● What you have to do
Print the records below exactly, omitting all pictures.

● Source data

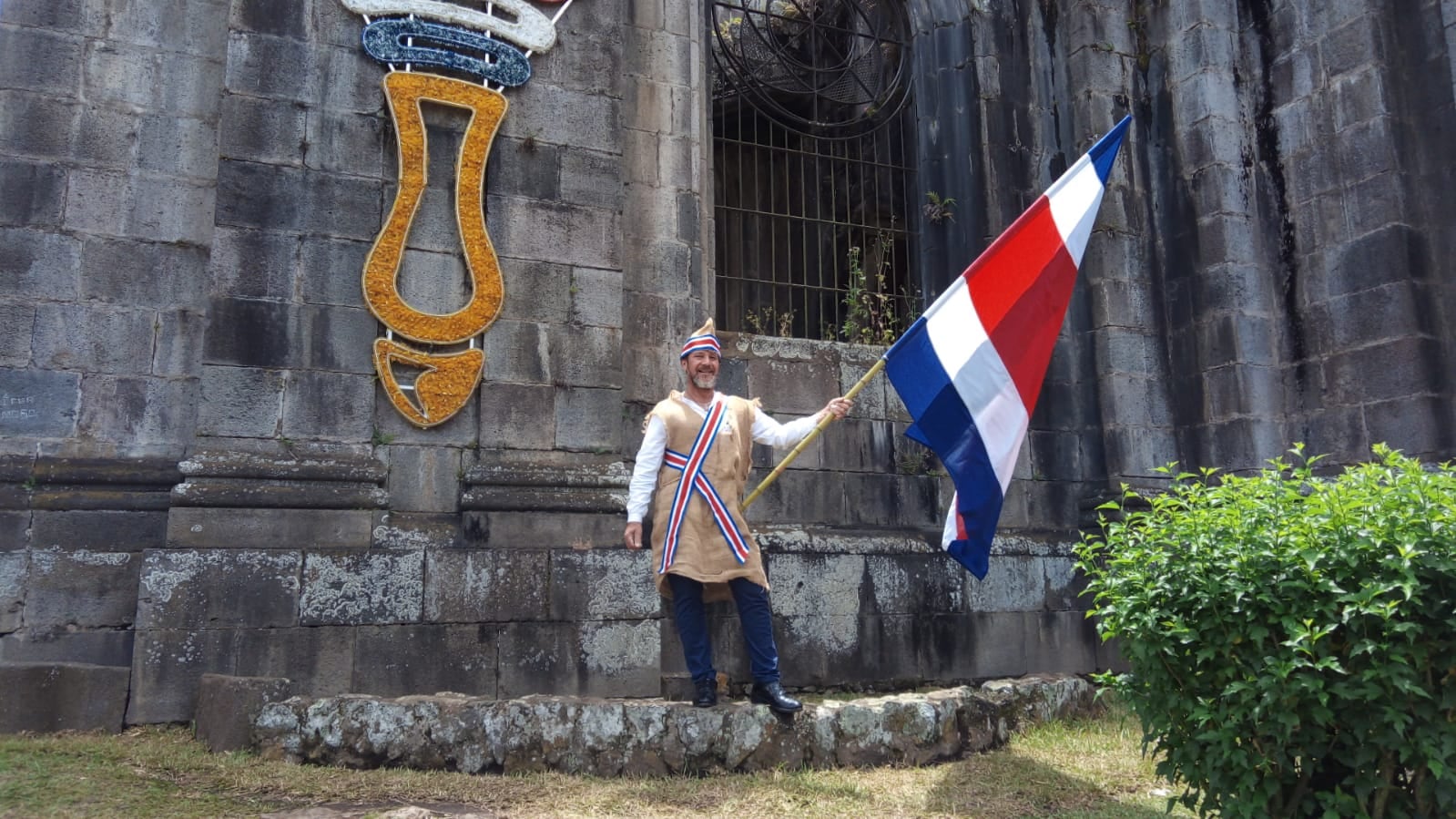 Enfundado en un saco de gangoche, de aquellos que por décadas eran utilizados por los cogedores de café, el cartaginés Marco Coto Calvo, celebró solitariamente la independencia, portando una bandera y subiendo a uno de los pretiles de las ruinas de Cartago.
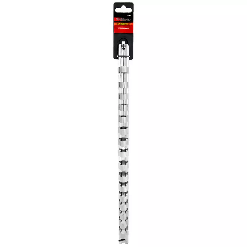 Kisko 1/2" Hylsyille Pituus 430 mm Yhteensä 16 liikuteltavaa nastaa 1/2" hylsyille. Hylsypidikkeiden avulla hylsyt pysyvät visusti paikallaan ja järjestyksessä.
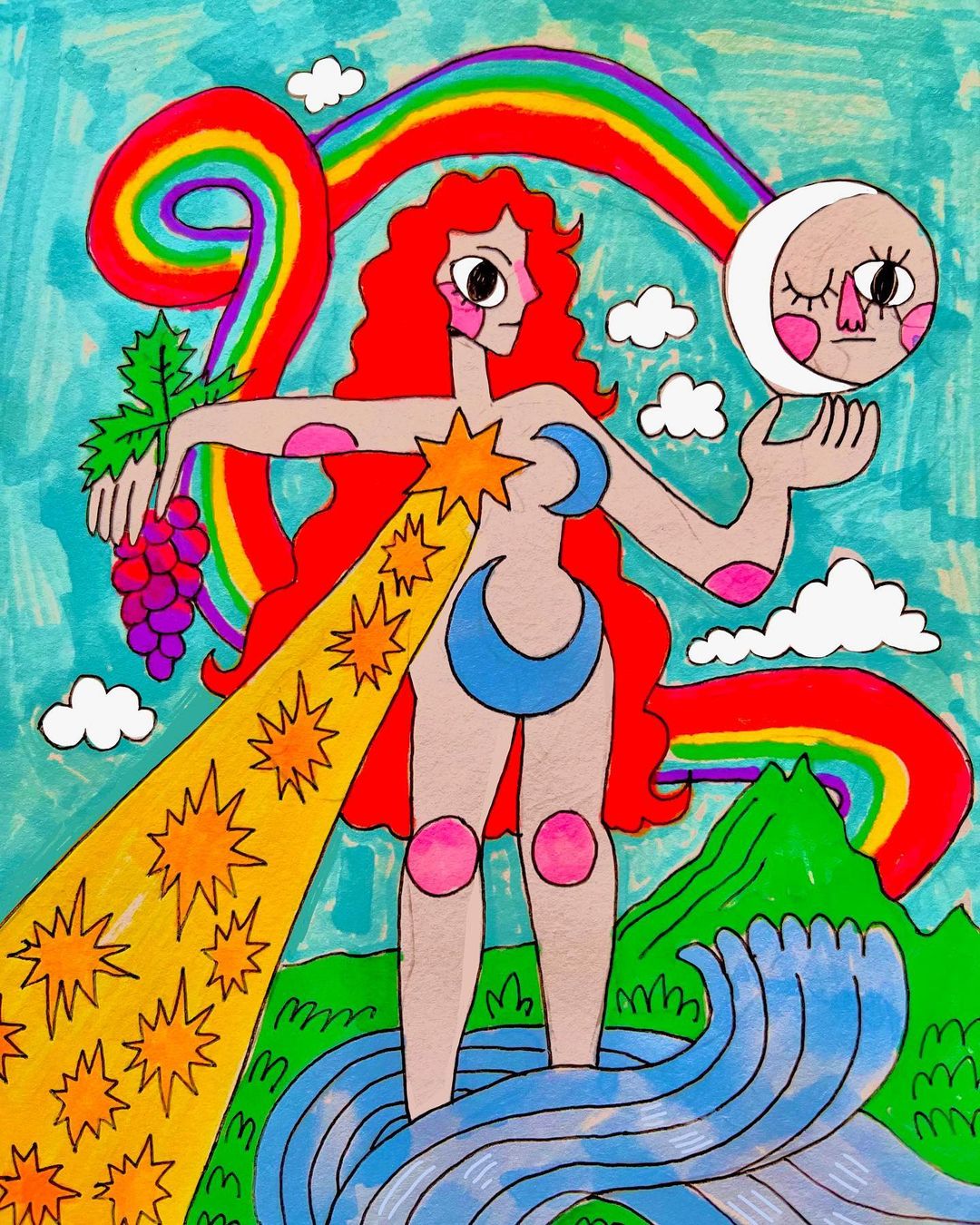 "Budzar appropriates these alchemical illustrations and applies her child-like style to it, creating a series of playful images where a central, often feminine presenting figure, is interacting with the natural world around them. Their expressions range from neutral to positive, but never negative. They seem to either be floating in an imaginary space or have their feet firmly planted in the flat landscape around them. One piece, The Phenomenon of Light, showcases yet again another feminine figure with long red hair and moons covering their private parts. In their outstretched hands are grapes and what appears to be a round mirror, which can be read as gluttony and vanity respectively. From the figure’s left breast, stars shoot out. A dynamic natural landscape plays out behind them, with curving waves and winding rainbows., “The characterization of science and magick turning the wheel of the natural world is probably like one of the freakiest things you can make art about,” Budzar wrote."
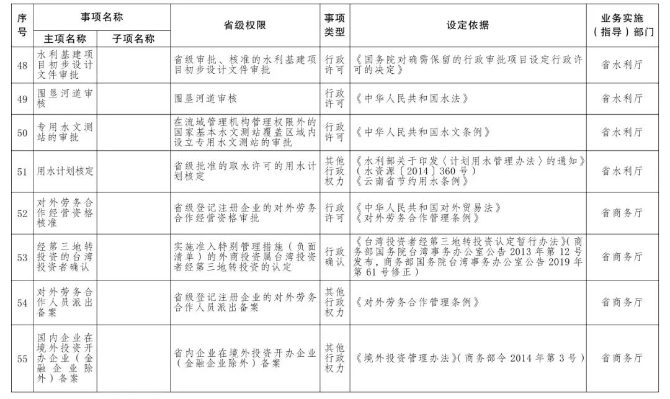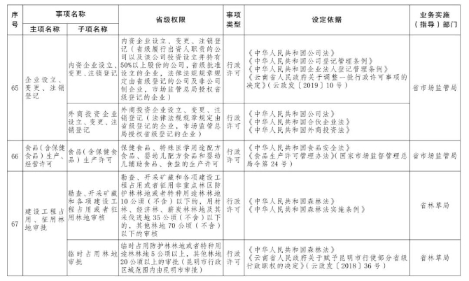 12月10日,记者从云南省人民政府网站获悉,省人民政府研究决定,向中国(云南)自由贸易试验区(以下简称云南自贸试验区)昆明、红河、德宏片区管委会下放第一批省级行政权力事项73项,其中行政许可事项55项,行政确认事项2项,其他行政权力事项16项。详情如下:
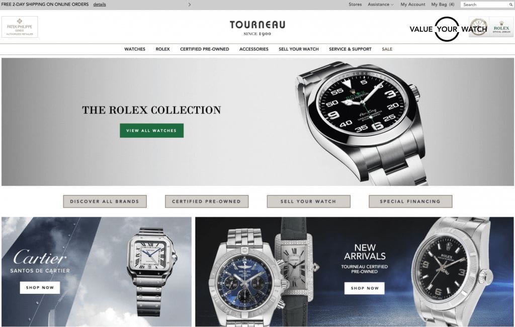 Tourneau is a well-known watch dealer of Rolex watches as well as nearly 100 brands since 1900. They also offer one of the largest certified pre-owned watch collection on their online site as well as in stores.
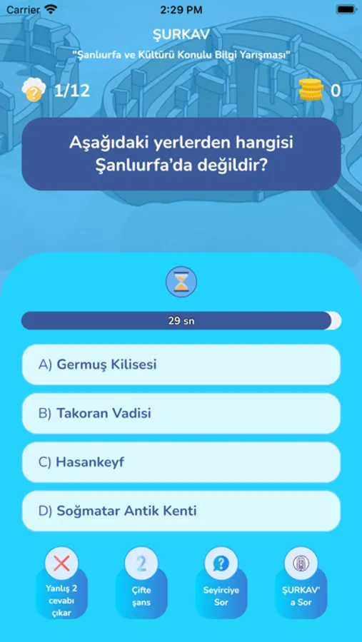 ŞURKAV Kültür Bilgi Yarışması Şanlıurfa ilimiz ile ilgili yeni nesil bilgi yarışmasıdır. Şanlıurfa ilimiz sanat ve kültür anlamında tarihte çok önemli bir yere sahiptir. Şanlıurfa’nın kültürünü ve tarihini ne kadar iyi bildiğinizi sınayabilirsiniz. Bilgi Yarışması 12 sorudan oluşuyor. Özenle seçilmiş geniş soru havuzu ile her oyunda farklı sorular sizleri bekliyor. 4 adet joker hakkınız bulunmakta. Özel olarak Şurkav joker hakkınız ile reklam izleyerek 1 joker hakkına daha sahip olabilirsiniz.
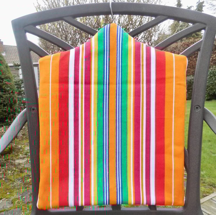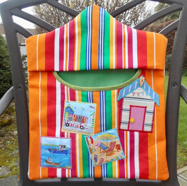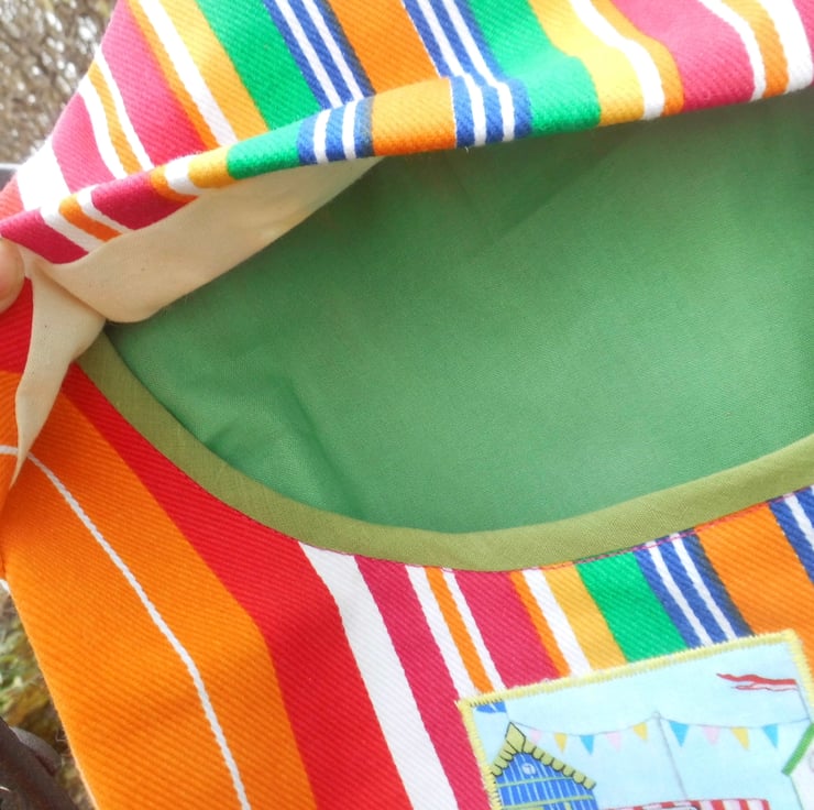 A very strong and fully lined peg bag made with a heavy weight cotton fabric in bright deck chair stripes. The back is lined with plain green cotton fabric which you can see through the opening, while the front is lined with natural calico.
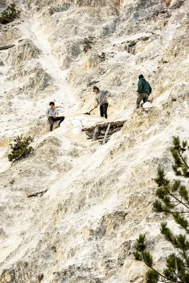 • Különleges elemek: 250 tonna dolomit mészkő feltöltése a lejtős szakaszon
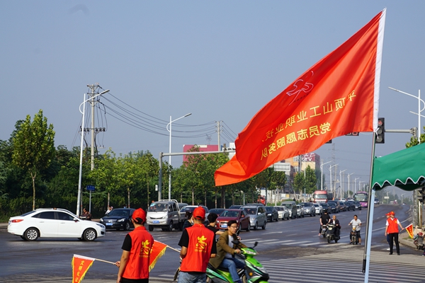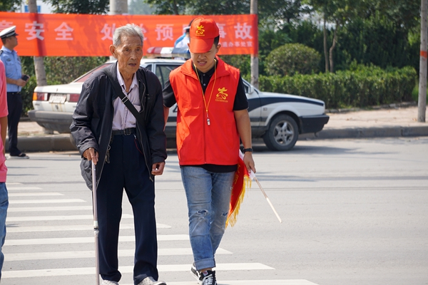 光明路与黄河路路口作为进出市区的一个主要交通路口,每天车流人流量大,我院参与志愿服务活动的志愿者们,身穿印有学院标志的红马甲和小红帽,每天7:30——18:30,全天无间歇在路口开展文明交通服务。虽已进入秋季,但这几天天气依然炎热,志愿者们顶着烈日,挥洒汗水,向来往的市民宣传交通法规,并举起“文明礼让”的旗子,按照交通规则协管斑马线,提醒过往市民注意交通信号,做到文明协管,微笑服务,文明出行。遇到年纪大的老人,志愿者们就上前主动搀扶着他们,在尽心的为每一位市民提供细致细心服务的同时,用实际行动彰显并弘扬着新时代的志愿服务精神。为营造充满爱心与谦让的交通环境,构建和谐、文明的城市环境作出了积极奉献。(魏宏伟)
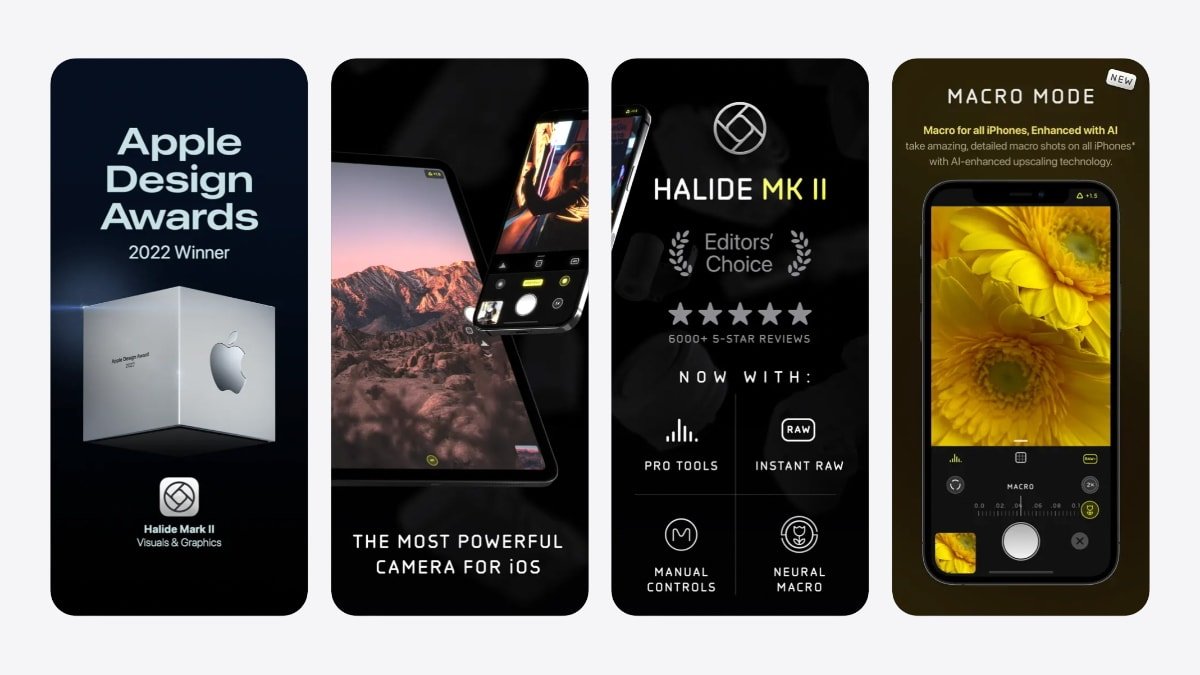 Halide, App Store’daki en popüler kamera uygulamalarından biridir. Pozlama, ISO, deklanşör hızı ve beyaz dengesinin ayarlanması gibi bir fotoğrafçının isteyebileceği tüm manuel kontrolleri sunar. Görüntü formatları için destek RAW (DNG RAW), TIFF, HEIC ve JPG’yi içerir.

● Response
 Enfundado en un saco de gangoche, de aquellos que por décadas eran utilizados por los cogedores de café, el cartaginés Marco Coto Calvo, celebró solitariamente la independencia, portando una bandera y subiendo a uno de los pretiles de las ruinas de Cartago.
 Kisko 1/2" Hylsyille Pituus 430 mm Yhteensä 16 liikuteltavaa nastaa 1/2" hylsyille. Hylsypidikkeiden avulla hylsyt pysyvät visusti paikallaan ja järjestyksessä.
 "Budzar appropriates these alchemical illustrations and applies her child-like style to it, creating a series of playful images where a central, often feminine presenting figure, is interacting with the natural world around them. Their expressions range from neutral to positive, but never negative. They seem to either be floating in an imaginary space or have their feet firmly planted in the flat landscape around them. One piece, The Phenomenon of Light, showcases yet again another feminine figure with long red hair and moons covering their private parts. In their outstretched hands are grapes and what appears to be a round mirror, which can be read as gluttony and vanity respectively. From the figure’s left breast, stars shoot out. A dynamic natural landscape plays out behind them, with curving waves and winding rainbows., “The characterization of science and magick turning the wheel of the natural world is probably like one of the freakiest things you can make art about,” Budzar wrote."
 12月10日,记者从云南省人民政府网站获悉,省人民政府研究决定,向中国(云南)自由贸易试验区(以下简称云南自贸试验区)昆明、红河、德宏片区管委会下放第一批省级行政权力事项73项,其中行政许可事项55项,行政确认事项2项,其他行政权力事项16项。详情如下:
 Tourneau is a well-known watch dealer of Rolex watches as well as nearly 100 brands since 1900. They also offer one of the largest certified pre-owned watch collection on their online site as well as in stores.
 ŞURKAV Kültür Bilgi Yarışması Şanlıurfa ilimiz ile ilgili yeni nesil bilgi yarışmasıdır. Şanlıurfa ilimiz sanat ve kültür anlamında tarihte çok önemli bir yere sahiptir. Şanlıurfa’nın kültürünü ve tarihini ne kadar iyi bildiğinizi sınayabilirsiniz. Bilgi Yarışması 12 sorudan oluşuyor. Özenle seçilmiş geniş soru havuzu ile her oyunda farklı sorular sizleri bekliyor. 4 adet joker hakkınız bulunmakta. Özel olarak Şurkav joker hakkınız ile reklam izleyerek 1 joker hakkına daha sahip olabilirsiniz.
 A very strong and fully lined peg bag made with a heavy weight cotton fabric in bright deck chair stripes. The back is lined with plain green cotton fabric which you can see through the opening, while the front is lined with natural calico.
 • Különleges elemek: 250 tonna dolomit mészkő feltöltése a lejtős szakaszon
 光明路与黄河路路口作为进出市区的一个主要交通路口,每天车流人流量大,我院参与志愿服务活动的志愿者们,身穿印有学院标志的红马甲和小红帽,每天7:30——18:30,全天无间歇在路口开展文明交通服务。虽已进入秋季,但这几天天气依然炎热,志愿者们顶着烈日,挥洒汗水,向来往的市民宣传交通法规,并举起“文明礼让”的旗子,按照交通规则协管斑马线,提醒过往市民注意交通信号,做到文明协管,微笑服务,文明出行。遇到年纪大的老人,志愿者们就上前主动搀扶着他们,在尽心的为每一位市民提供细致细心服务的同时,用实际行动彰显并弘扬着新时代的志愿服务精神。为营造充满爱心与谦让的交通环境,构建和谐、文明的城市环境作出了积极奉献。(魏宏伟)
 Halide, App Store’daki en popüler kamera uygulamalarından biridir. Pozlama, ISO, deklanşör hızı ve beyaz dengesinin ayarlanması gibi bir fotoğrafçının isteyebileceği tüm manuel kontrolleri sunar. Görüntü formatları için destek RAW (DNG RAW), TIFF, HEIC ve JPG’yi içerir.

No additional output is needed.